Bob and the Trees is a 2015 American fictional vérité drama film that won the Crystal Globe at the Karlovy Vary International Film Festival. Shot in The Berkshires, Bob and the Trees follows farmer and logger Bob Tarasuk (played by himself), his son and business partner Matt (Matthew Gallagher), and Bob's wife Polly (Polly MacIntyre) as they work to earn money during winter. The film, Diego Ongaro's feature-length directorial debut, premiered in the noncompetitive Next section of the 2015 Sundance Film Festival in January 2015, where it was met with positive reviews.

==Background==
Director Diego Ongaro moved from Paris to Brooklyn, New York to Sandisfield, Massachusetts, where he befriended Bob Tarasuk, a farmer and logger. Tarasuk and Matthew Gallagher, Tarasuk's son-in-law and business partner, took Ongaro to their work, where he "saw the conditions these guys lived under and how hard it is and the knowledge required", and, after he saw "how charismatic a character Bob was", Ongaro "felt [he] had a story". Originally a short released in 2011, the film was expanded to feature-length with fifteen days of shooting in November 2014.

==Release==
The feature-length Bob and the Trees debuted at the noncompetitive Next section of the Sundance Film Festival on January 27, 2015, where it was met with warm critical reception.

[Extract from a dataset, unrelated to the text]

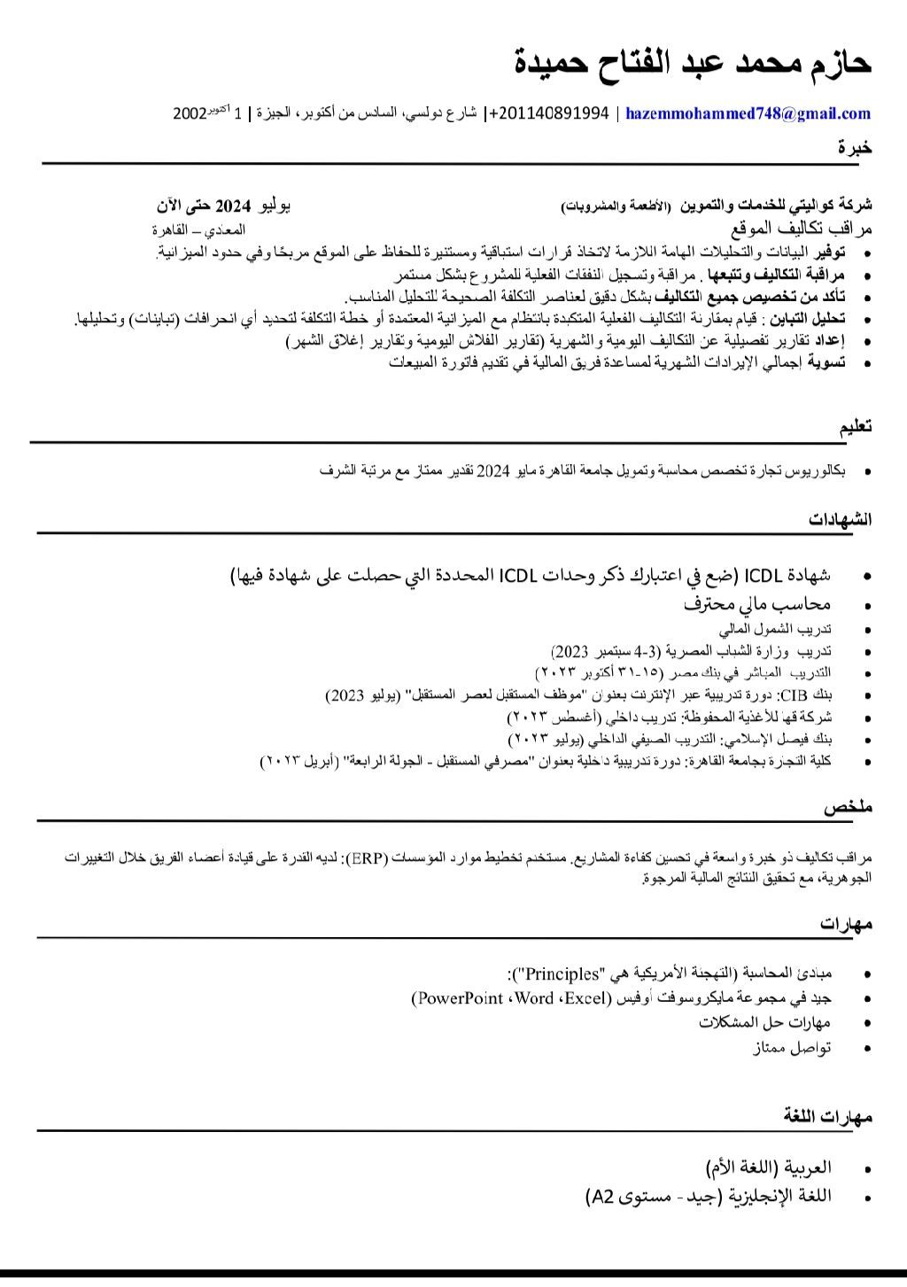 محاسب تكاليف مطاعم خبرة سنة و8 شهور المهام التي أقوم بها هي مراقبة مخزون واستلامات يدوي و ع سيستم وصلاحيات منتجات والصرف وتحديد مكونات وتكلفة الوجبات واخرج مواد الخام بناء علي إيراد اليوم وتحديد كميات التي تخرج من كل صنف ورقابة عليه وتحديد تكلفة مباشرة وغير مباشرة وتحديد معدل دوران المخزون وانحراف أسعار والتحليل وجبات اليوم وتحليل الأصناف التي تخرج من المخزن وصرف موقع ERP system وتقفيل تكلفة الشهر

The Hollywood Reporters Justin Lowe stated that the film "mines a rich vein of humanism shot through with characteristically dry New England humor", with Ongaro's "unsentimental empathy" a tone "too often missing from outsider perspectives". In a review for Indiewire, Katie Walsh described Tarasuk as "wonderfully natural, open, and unstudied", though also wrote that the "story of the making of Bob and the Trees is probably the most interesting thing about the film itself", and that it "could stand to lose about 10 minutes in [an] edit". Ben Kenigsberg of Variety drew comparison between the film's visuals and woodland work by Kelly Reichardt, and praised Tarasuk's "introverted performance". Kenigsberg called the film's resolution "at once pleasingly down-to-earth", but also "a little easy".

At the 50th Karlovy Vary International Film Festival, the film won the Crystal Globe, the festival's main award, which included a cash prize of US$25,000 (EUR€22,400). It showed at the Durban International Film Festival on July 21, 2015, at the Woods Hole Film Festival in Woods Hole, Massachusetts, on July 28 and August 1, 2015 and at the Molodist festival in Kyiv in October 2015.